Notices of violation are the result of a random and regular auditing process the DOL undertakes to ensure that companies that do business with the federal government are in compliance with federal affirmative action and nondiscrimination laws.
An agency spokesman declined to comment on ongoing matters.
The notices don’t always translate into enforcement action, but OFCCP director Craig Leen said in November 2018 that fiscal year 2019 could be “the largest year on record” for financial collections from discrimination settlements. Every company that settles with the Labor Department, or defends litigation, must first receive an NOV.
Fiscal 2018 was the agency’s third highest year on record for monetary collections from discrimination settlements, but the agency is also upping the number of contractor locations to be audited in 2019. That means more NOVs could be on the way.
The agency plans to conduct 3,500 audits in fiscal 2019, up from 1,750 scheduled audits in fiscal 2018.
The most common offense called out in the NOVs was a violation of record-keeping obligations. Companies are required to maintain records of their hiring, pay, and other employment practices while doing business with the government.
There were at least 44 allegations of hiring discrimination and at least 20 allegations of pay discrimination in the NOVs, with at least two companies accused of both.
Bank of America received at least three NOVs from January 2016 to September 2018, but the Labor Department declined to specify the allegations against the financial institution.

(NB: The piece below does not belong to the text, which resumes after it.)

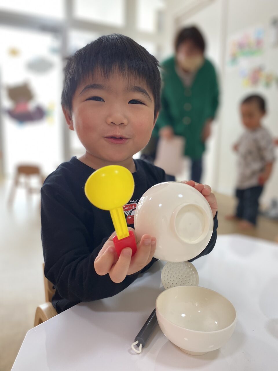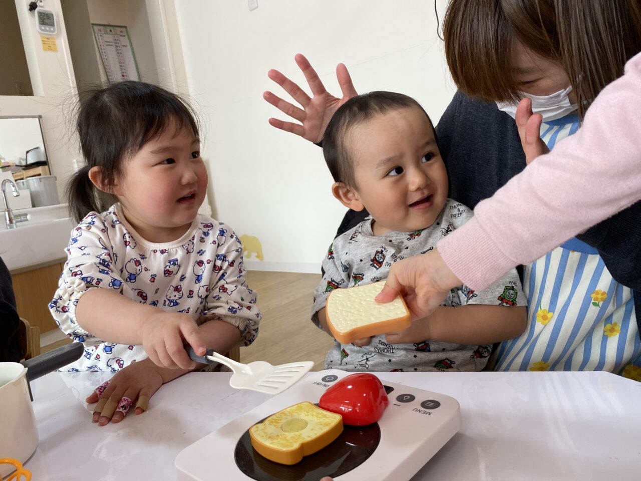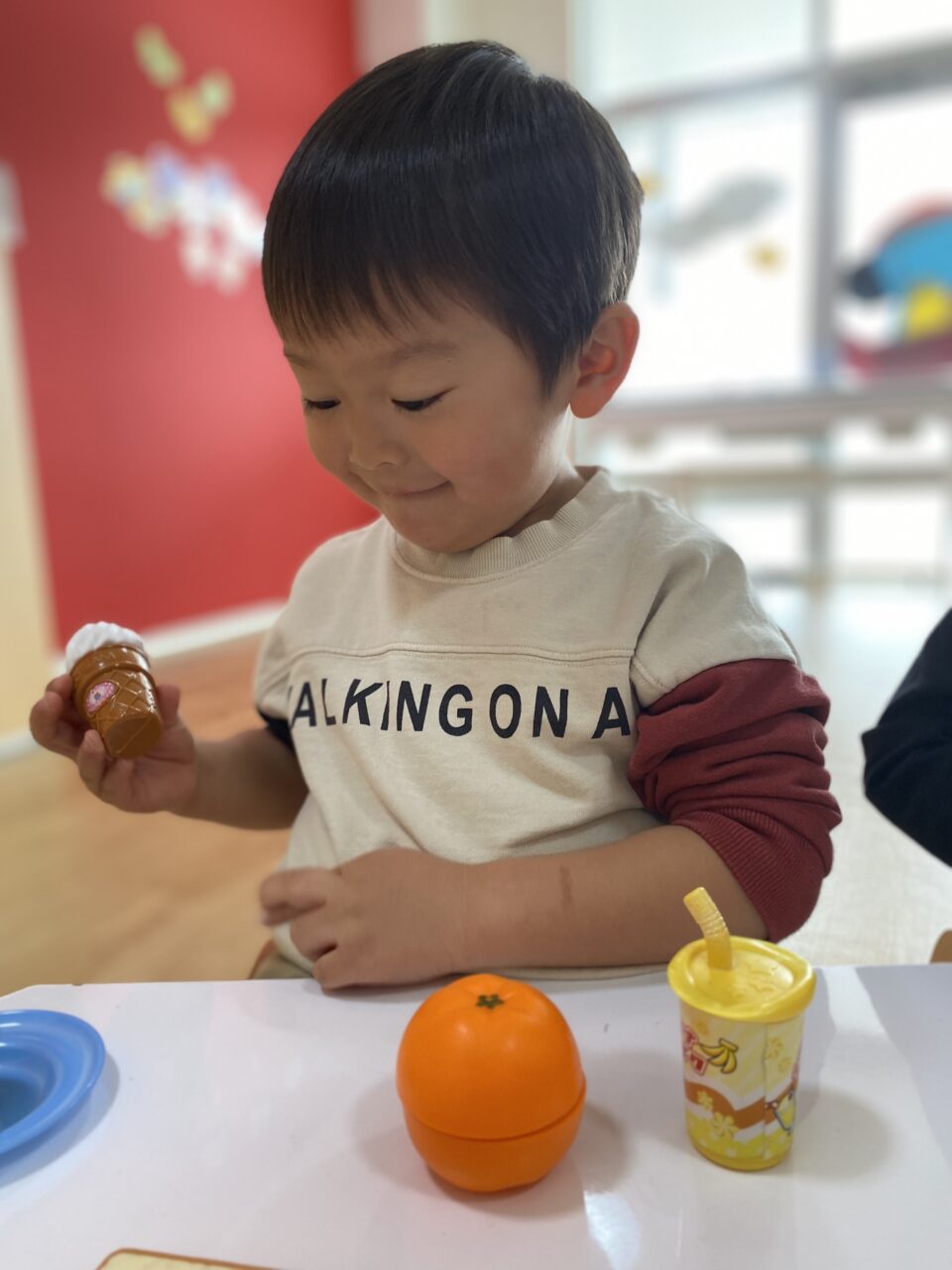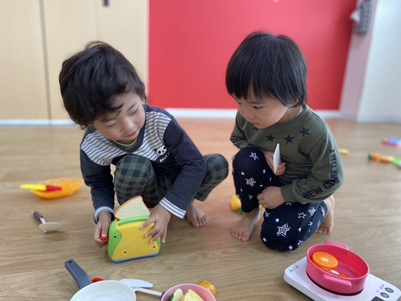 先日、新しいおままごとセットが仲間入りし、子ども達は目をキラキラ✨輝かせながらおままごとで遊びましたので今日はその様子をお伝えしたいと思います?

This isn’t Bank of America’s first rodeo with the OFCCP—it settled allegations of hiring bias against black employees in 2017, the conclusion of a long-running legal dispute with the agency that spanned more than two decades.
Wells Fargo, which received at least one NOV during the period analyzed, also has a past conciliation agreement with the OFCCP, settling allegations that it failed to provide a disability accommodation to a job candidate.